Aisin Gioro Shuose (； 17 January 1629 - 12 January 1655) was Hong Taiji's fifth son and the first bearer of the Prince Chengze title. In 1655, the peerage was renamed to Prince Zhuang of the First Rank. In 1778, the Prince Chengze of the First Rank peerage was granted iron-cap status, which meant that each successive bearer could pass the title without degradation.

Life

Family background 
Shuose was born on 17 January 1629 in the Qingning palace of the  Forbidden City in Mukden, residence of Qing dynasty emperor at that time. His mother, lady Yehe-Nara was a secondary consort of Hong Taiji. Lady Yehe Nara's father, Anabu (阿纳布) was a cousin of Yangginu, the father of Empress Xiaocigao, Monggo Jerjer. Before entry to the imperial household, lady Yehe Nara had been married to Karkama, a leader of Ula valley. After giving birth to Shuose, lady Yehe Nara married minister Zhan Tuxietu. Lady Yehe Nara became a victim of domestic violence shortly after the marriage. The fairly abusive behavior of Zhan Tuxietu led her to the fourth marriage with Darhu (达尔琥), a member of the Hada Nara clan of the Bordered Yellow Banner.
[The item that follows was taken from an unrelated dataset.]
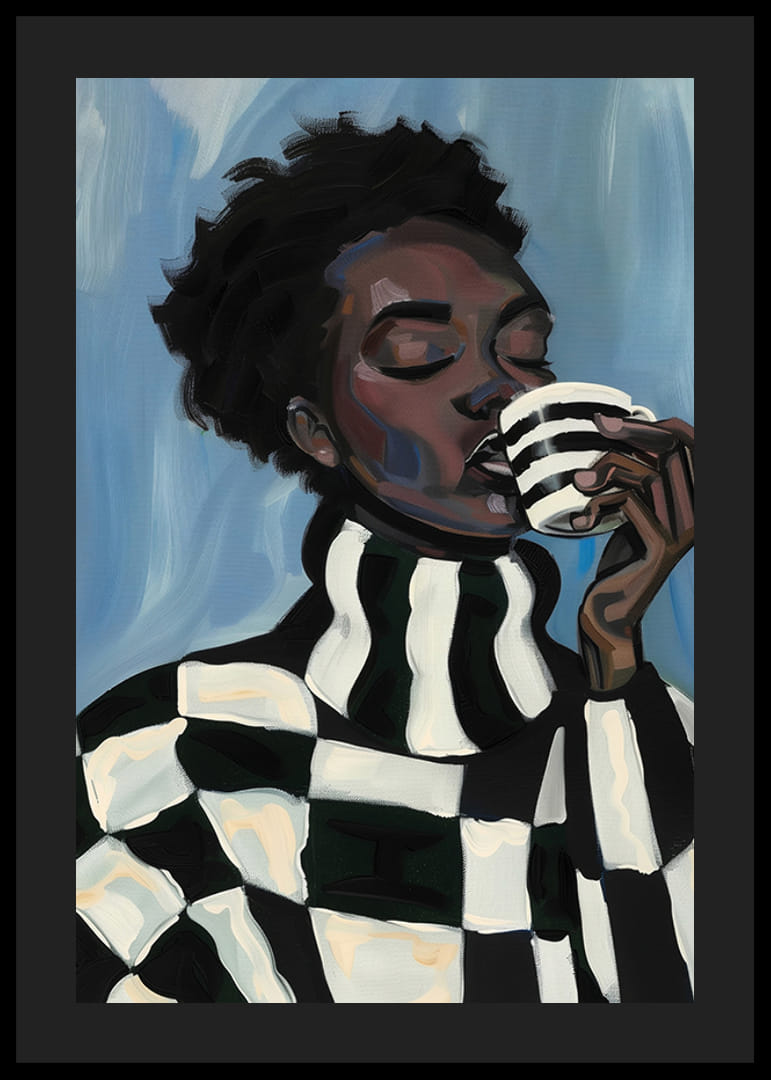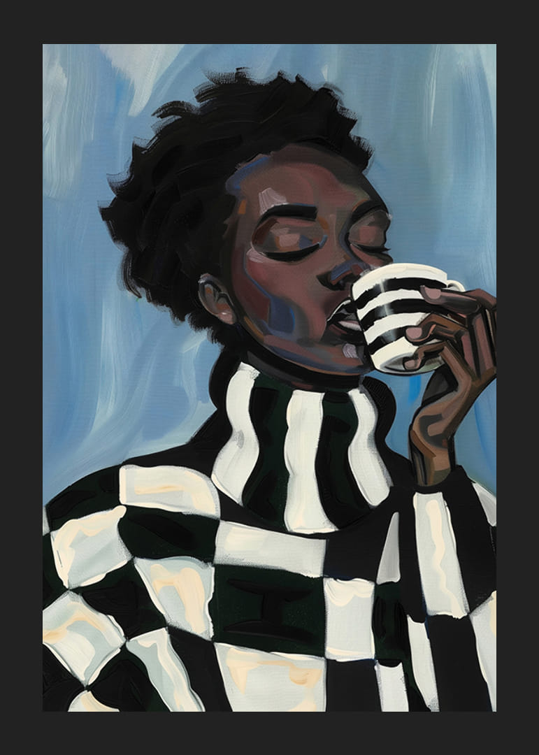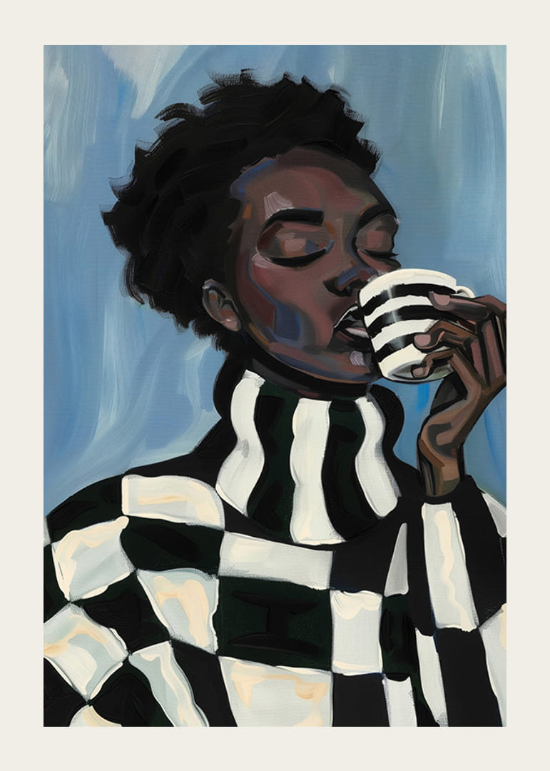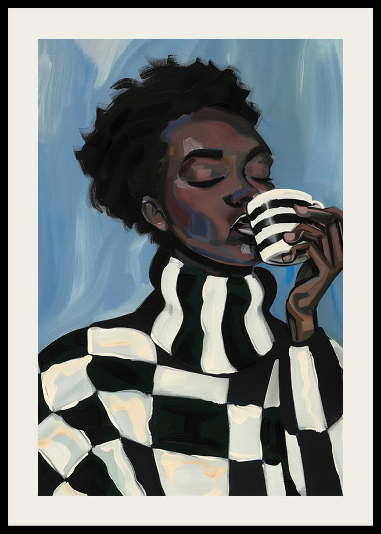 Šis žavus plakatas perkelia jus į elegancijos ir stiliaus pasaulį. Moteris, pasipuošusi drąsiu, dryžuotu drabužiu, mėgaujasi akimirka kavos pertraukėle. Ryškios linijos ir svajingas švelnių mėlynų tonų fonas sukuria ramybės ir rafinuotumo atmosferą.

Shuose was raised in the Qingning palace together with Bomubogor and Fulin, the future Shunzhi Emperor.

Political career 
Although Shuose was born to the high-ranking consort, he had no chances to succeed the throne. In June 1644, Shuose married lady Nara, daughter of Feiyanggu and was subsequently granted a title of Prince Chengze of the Second Rank. During transition from Ming to Qing, Shuose followed Dodo, Prince Yu in Shaanzhou. In 1645, he conquered Henan together with Dodo. He captured Li Zicheng's generals Zhang Youseng and Liu Fangliang, later retrieved by the peasant . In the battle of Shanhai Pass, Shuose killed Ma Shiyao (马世尧). When Dodo made Khalkha Mongols vassals, Shuose conquered Datong together with Ajige.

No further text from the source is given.